_Data extracted from a collection:_
-*-*-
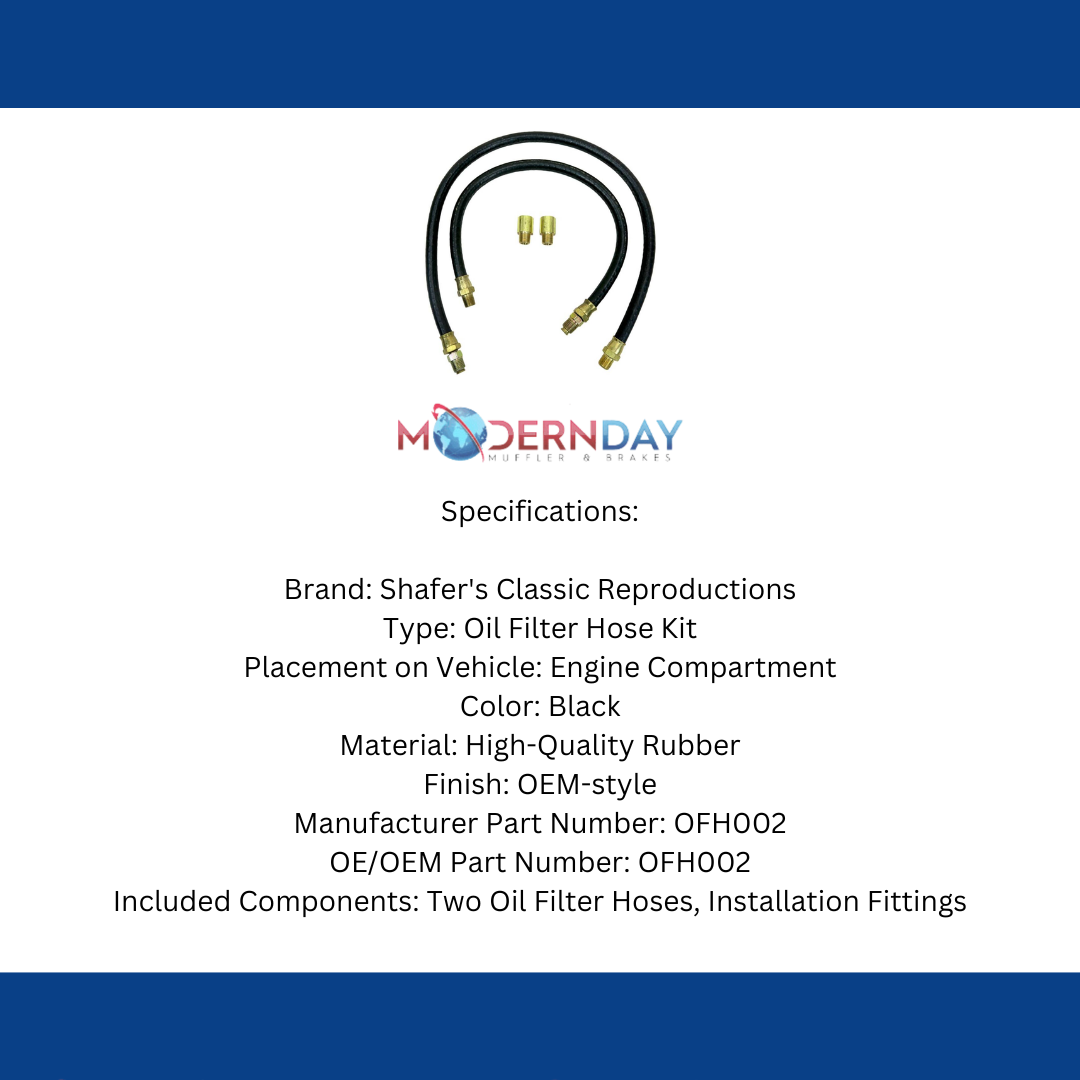 The OFH002 is an oil filter hose kit designed specifically for 1949-1954 Chevrolet Full-Size models equipped with 6-cylinder engines. This kit includes two hoses that connect the engine to the oil filter canister, along with the necessary fittings for installation. Manufactured to meet or exceed original equipment specifications, it ensures a precise fit and reliable performance.
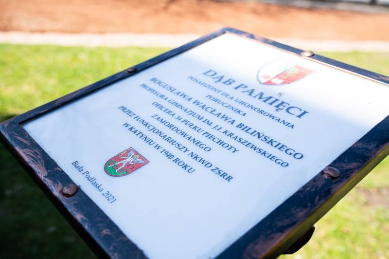 Ofiary Zbrodni Katyńskiej uczcili dziś przy Dębie Pamięci oraz tablicy przy I LO im. Józefa Ignacego Kraszewskiego w Białej Podlaskiej: w imieniu prezydenta Michała Litwiniuka wiceprezydent Justyna Gorczyca wraz z mjr. Łukaszem Dzięcielskim, zastępcą 18. Batalionu Rozpoznawczego, który reprezentował dowódcę garnizonu Biała Podlaska płk. Pawła Szymańskiego oraz z naczelnikiem Wydziału Kultury, Edukacji i Sportu dr. Stanisławem Romanowskim, Henrykiem Nędziakiem komendantem Straży Miejskiej, Beatą Demianiuk, naczelnikiem Wydziału Kultury, Sportu i Współpracy z Ogranizacjami Pozarządowymi, Krzysztofem Trochimiukiem, prezesem MZK Biała Podlaska i delegacją I Liceum Ogólnokształcącego.
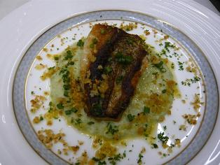 写真上 魚料理は庄内産地魚のポワレと若草色の野菜のクリームソース、香草パン粉添え。
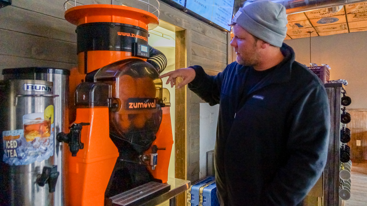 Co-owner Ben Lucas shows off the cafe’s orange juice squeezer, one of his favorite appliances at Yonah. (Hadley Cottingham/Now Habersham)
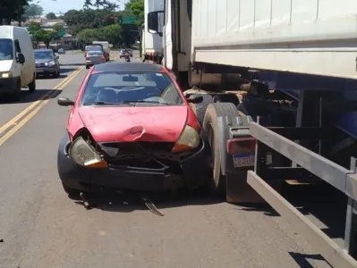 Um acidente envolvendo três veículos foi registrado no final da manhã desta quinta-feira (25) em Apucarana, na Avenida Minas Gerais. A batida envolveu uma moto, um carro e um caminhão. Os Bombeiros foram chamados por volta das 11h30.
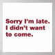 Affiche Désolé d'être en retard. Je ne voulais pas venir
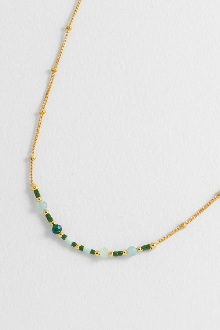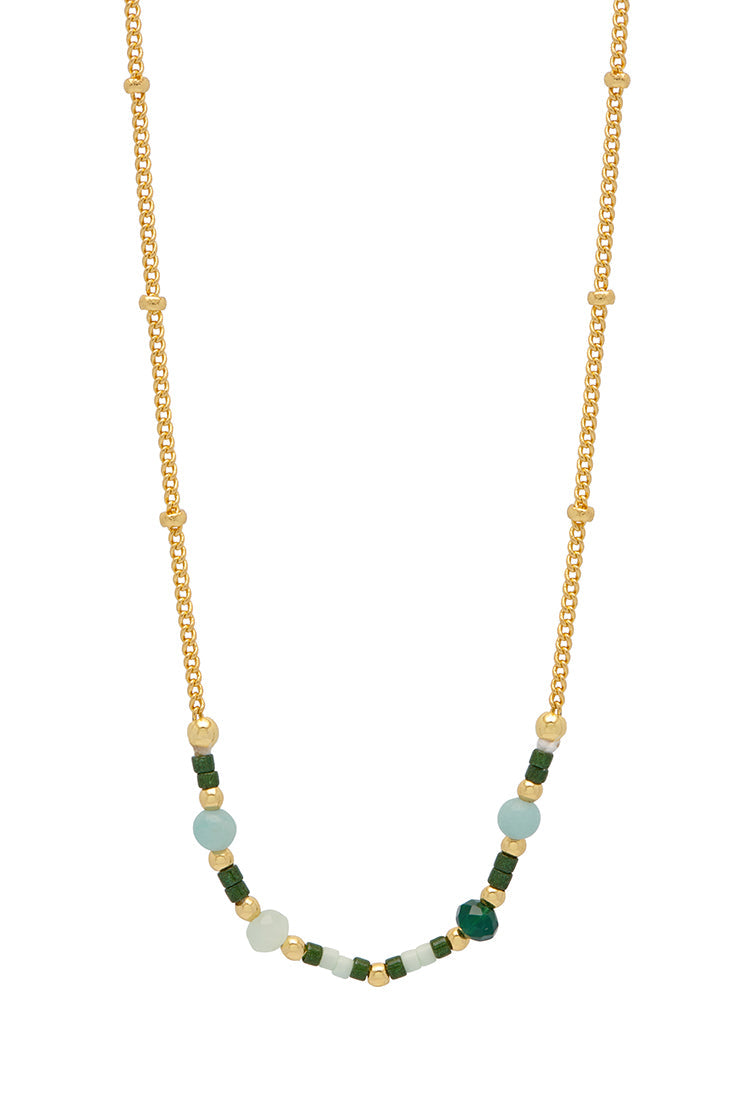 Mini Green Beaded Chain Necklace
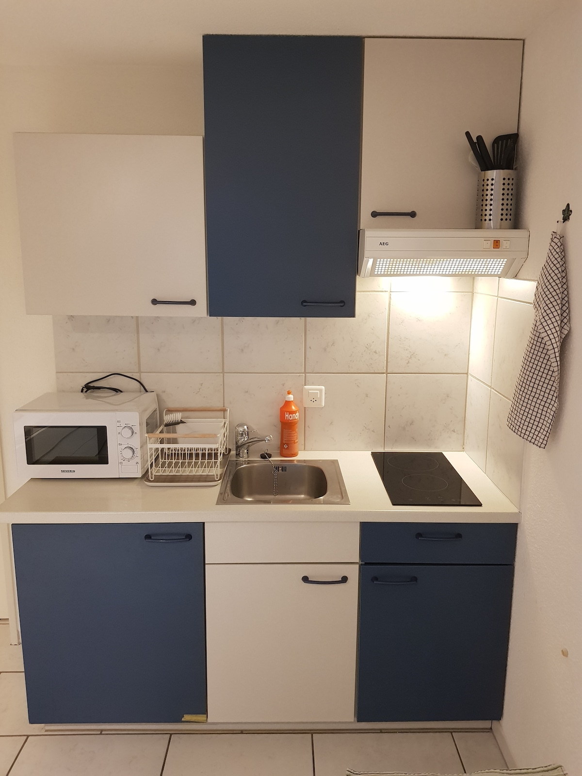 Camera con ampia terrazza. Cucina: cucina completamente attrezzata con lavastoviglie, piano cottura, forno a microonde, forno e macchina per il caffè. Le bevande sono gratuite per te. -Zona giorno: divano letto. Wi-Fi gratuito, grande Smart TV -Bagno: ampio WC con doccia e grande specchio. -Illuminazione: suggestiva illuminazione a LED La camera ti offre la perfetta combinazione di comfort e relax nel tuo stile. Ideale per coppie (+ bambino), viaggiatori singoli o uomini d'affari
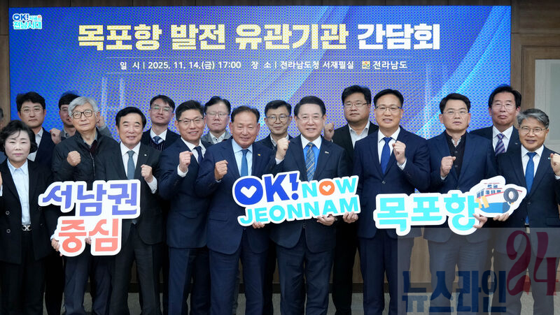 김영록 전라남도지사가 14일 도청 서재필실에서 열린 ‘목포항 발전 유관기관 간담회’에서 참석자들과 기념촬영을 하고 있다.
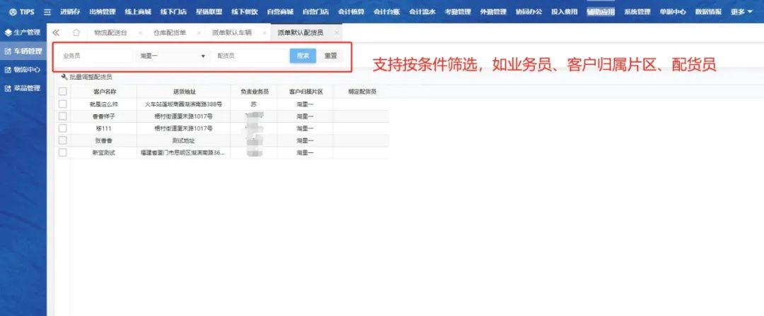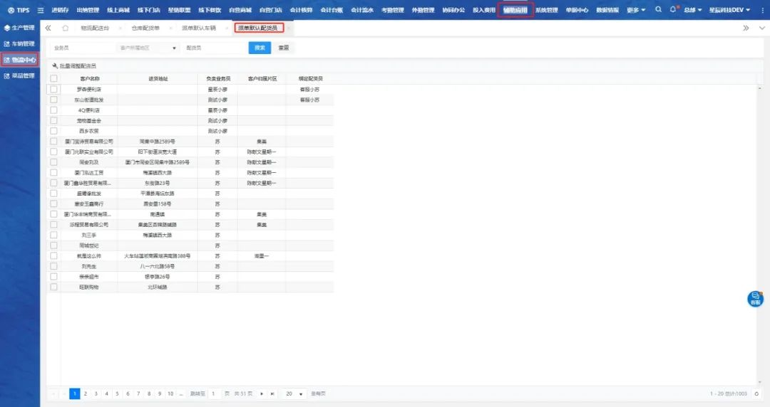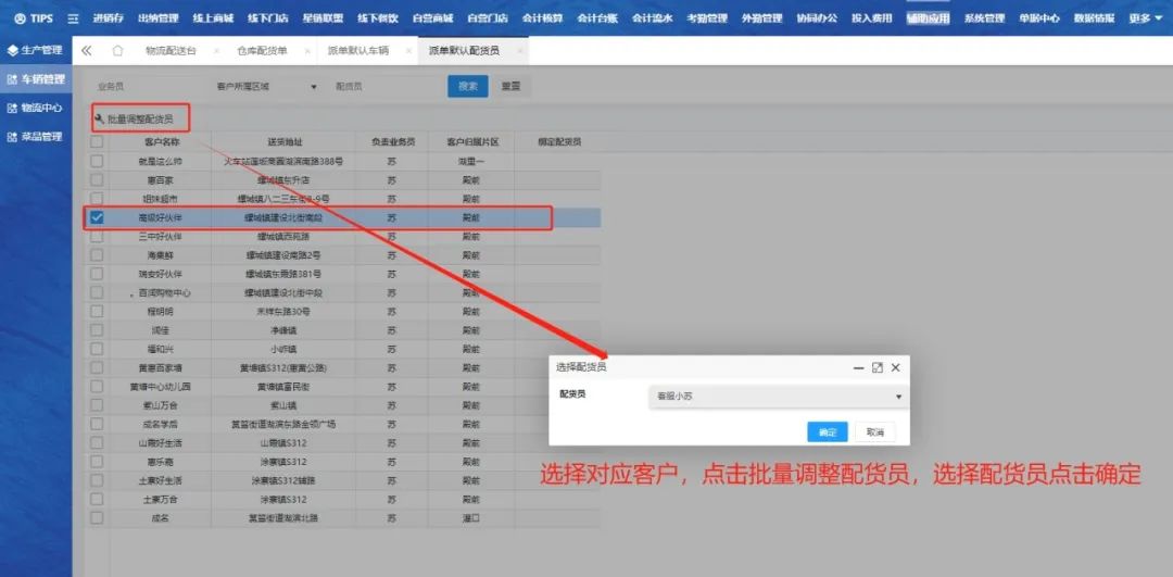 勾选对应客户,点击批量调整配货员,选择对应配货员,点击确定。(支持多选批量调整配货员)
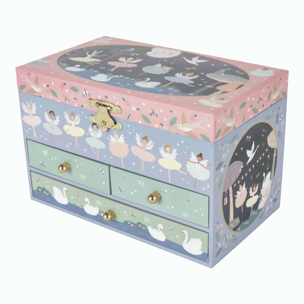 The Enchanted Jewellery Box is covered with gorgeous illustrations of ballerinas, swans and more. The three handy drawers are perfect for storing treasured trinkets. Wind the key up at the back, then lift the lid to see a beautiful ballerina twirl around to the tune of ‘swan lake’.
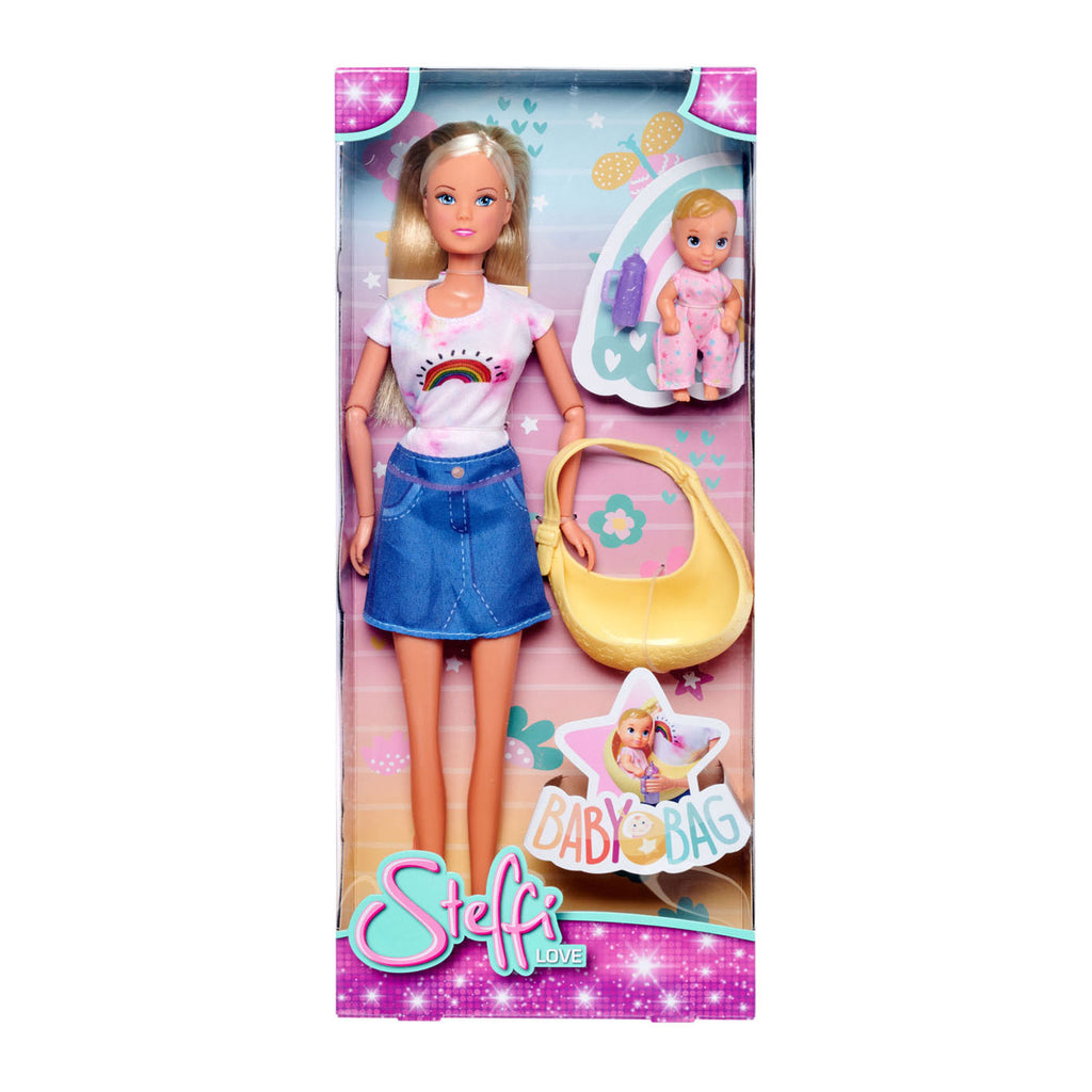 Steffi Love pop met een draagzak voor de kleine baby. Inhoud: Steffi Love modepop, draagzak, baby en een drinkfles voor de baby.
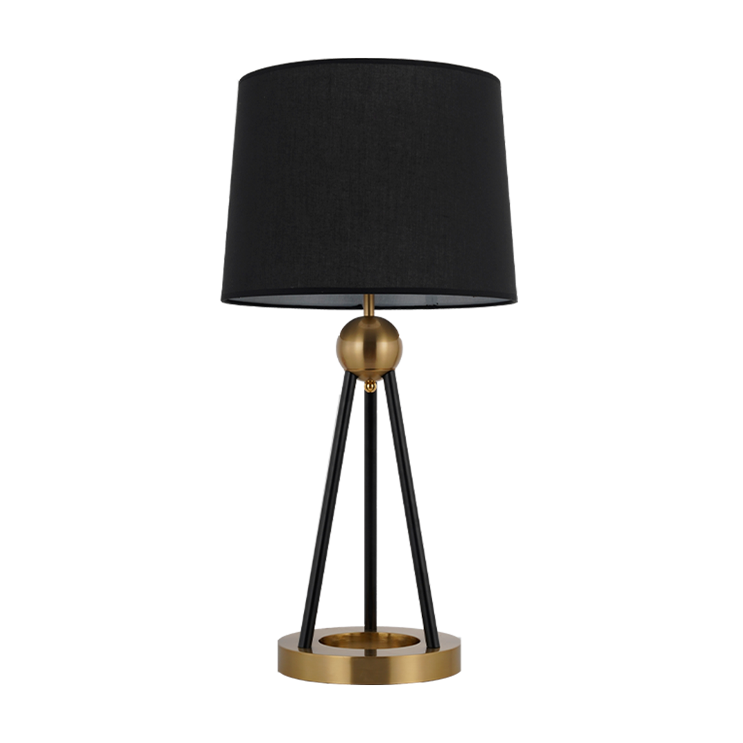 La "lámpara Malta" es una pieza de diseño moderno y sofisticado que equilibra elegancia y geometría con un estilo atemporal. Su base de trípode en acabado negro mate se une en una esfera dorada central, aportando un sutil toque de lujo y dinamismo visual. La pantalla en tono negro añade un aire de misterio y refinamiento, suavizando la luz para crear una atmósfera cálida y acogedora.
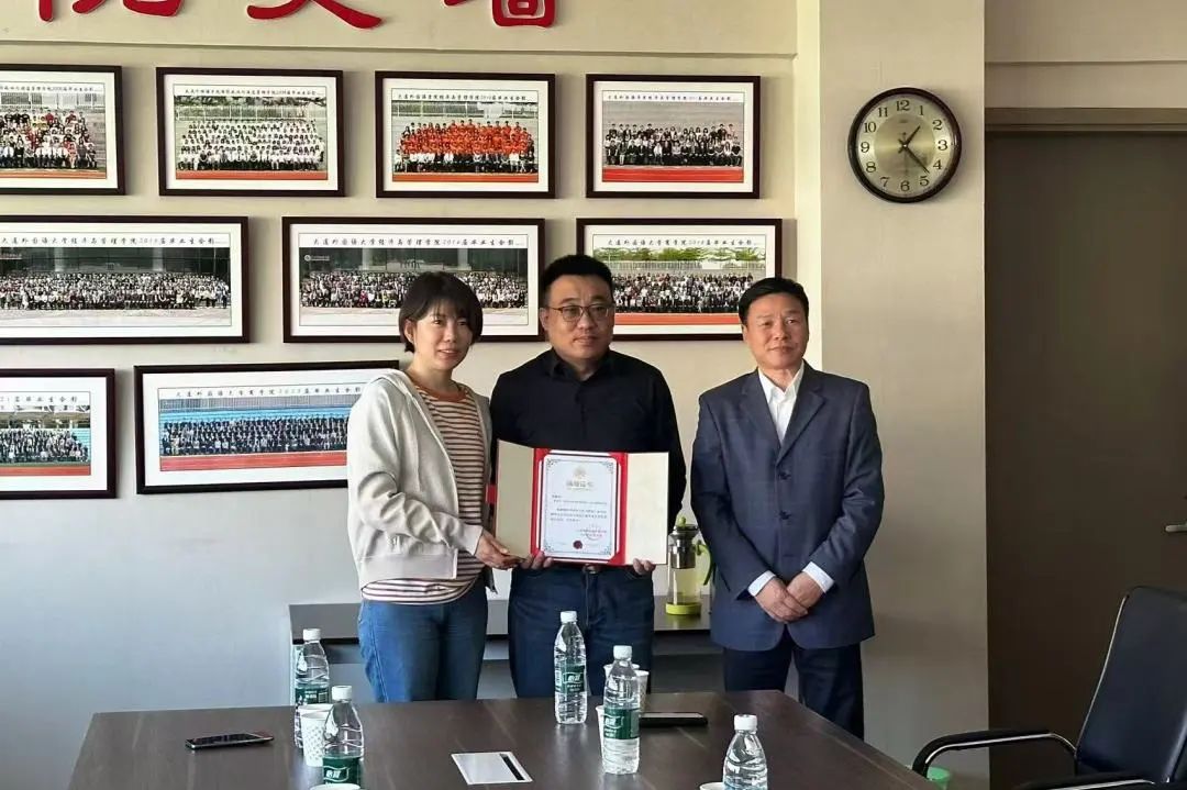 教师出席。2001级原冶学长向学院捐赠了办公用品。原冶学长在讲话中感谢恩师启智润心、春风化雨的谆谆教导,追忆了与同窗的深情厚谊,并祝福母校千秋鼎盛,万载荣昌。院长刘乃忠对原冶学长表达了由衷的感谢,他表示,学院的发展离不开校友们的关心和支持,期待未来大家能继续携手同进,为大外添砖加瓦,共创美好未来。
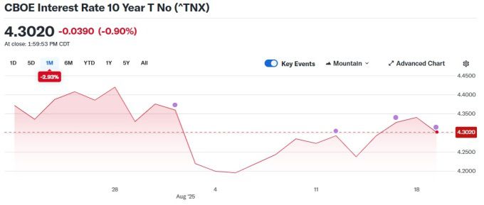 미 국채 10년물 차트, 자료=야후 파이낸스, 2025.08.20 koinwon@newspim.com |
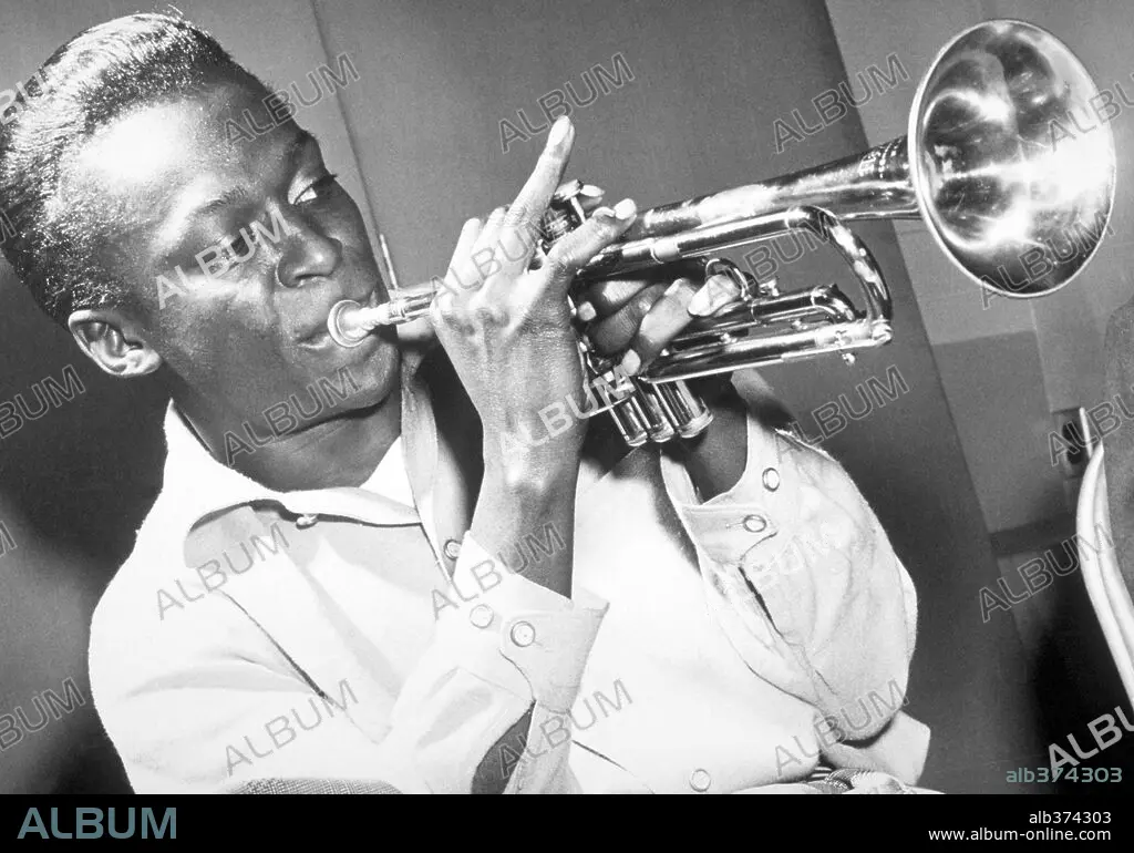American jazz musician and composer Miles Davis playing the trumpet, 50s.
-*-*-
_What you should do:_ Output the data above without changes, apart from leaving out the pictures.

_Task result:_
 The OFH002 is an oil filter hose kit designed specifically for 1949-1954 Chevrolet Full-Size models equipped with 6-cylinder engines. This kit includes two hoses that connect the engine to the oil filter canister, along with the necessary fittings for installation. Manufactured to meet or exceed original equipment specifications, it ensures a precise fit and reliable performance.
 Ofiary Zbrodni Katyńskiej uczcili dziś przy Dębie Pamięci oraz tablicy przy I LO im. Józefa Ignacego Kraszewskiego w Białej Podlaskiej: w imieniu prezydenta Michała Litwiniuka wiceprezydent Justyna Gorczyca wraz z mjr. Łukaszem Dzięcielskim, zastępcą 18. Batalionu Rozpoznawczego, który reprezentował dowódcę garnizonu Biała Podlaska płk. Pawła Szymańskiego oraz z naczelnikiem Wydziału Kultury, Edukacji i Sportu dr. Stanisławem Romanowskim, Henrykiem Nędziakiem komendantem Straży Miejskiej, Beatą Demianiuk, naczelnikiem Wydziału Kultury, Sportu i Współpracy z Ogranizacjami Pozarządowymi, Krzysztofem Trochimiukiem, prezesem MZK Biała Podlaska i delegacją I Liceum Ogólnokształcącego.
 写真上 魚料理は庄内産地魚のポワレと若草色の野菜のクリームソース、香草パン粉添え。
 Co-owner Ben Lucas shows off the cafe’s orange juice squeezer, one of his favorite appliances at Yonah. (Hadley Cottingham/Now Habersham)
 Um acidente envolvendo três veículos foi registrado no final da manhã desta quinta-feira (25) em Apucarana, na Avenida Minas Gerais. A batida envolveu uma moto, um carro e um caminhão. Os Bombeiros foram chamados por volta das 11h30.
 Affiche Désolé d'être en retard. Je ne voulais pas venir
 Mini Green Beaded Chain Necklace
 Camera con ampia terrazza. Cucina: cucina completamente attrezzata con lavastoviglie, piano cottura, forno a microonde, forno e macchina per il caffè. Le bevande sono gratuite per te. -Zona giorno: divano letto. Wi-Fi gratuito, grande Smart TV -Bagno: ampio WC con doccia e grande specchio. -Illuminazione: suggestiva illuminazione a LED La camera ti offre la perfetta combinazione di comfort e relax nel tuo stile. Ideale per coppie (+ bambino), viaggiatori singoli o uomini d'affari
 김영록 전라남도지사가 14일 도청 서재필실에서 열린 ‘목포항 발전 유관기관 간담회’에서 참석자들과 기념촬영을 하고 있다.
 勾选对应客户,点击批量调整配货员,选择对应配货员,点击确定。(支持多选批量调整配货员)
 The Enchanted Jewellery Box is covered with gorgeous illustrations of ballerinas, swans and more. The three handy drawers are perfect for storing treasured trinkets. Wind the key up at the back, then lift the lid to see a beautiful ballerina twirl around to the tune of ‘swan lake’.
 Steffi Love pop met een draagzak voor de kleine baby. Inhoud: Steffi Love modepop, draagzak, baby en een drinkfles voor de baby.
 La "lámpara Malta" es una pieza de diseño moderno y sofisticado que equilibra elegancia y geometría con un estilo atemporal. Su base de trípode en acabado negro mate se une en una esfera dorada central, aportando un sutil toque de lujo y dinamismo visual. La pantalla en tono negro añade un aire de misterio y refinamiento, suavizando la luz para crear una atmósfera cálida y acogedora.
 教师出席。2001级原冶学长向学院捐赠了办公用品。原冶学长在讲话中感谢恩师启智润心、春风化雨的谆谆教导,追忆了与同窗的深情厚谊,并祝福母校千秋鼎盛,万载荣昌。院长刘乃忠对原冶学长表达了由衷的感谢,他表示,学院的发展离不开校友们的关心和支持,期待未来大家能继续携手同进,为大外添砖加瓦,共创美好未来。
 미 국채 10년물 차트, 자료=야후 파이낸스, 2025.08.20 koinwon@newspim.com |
American jazz musician and composer Miles Davis playing the trumpet, 50s.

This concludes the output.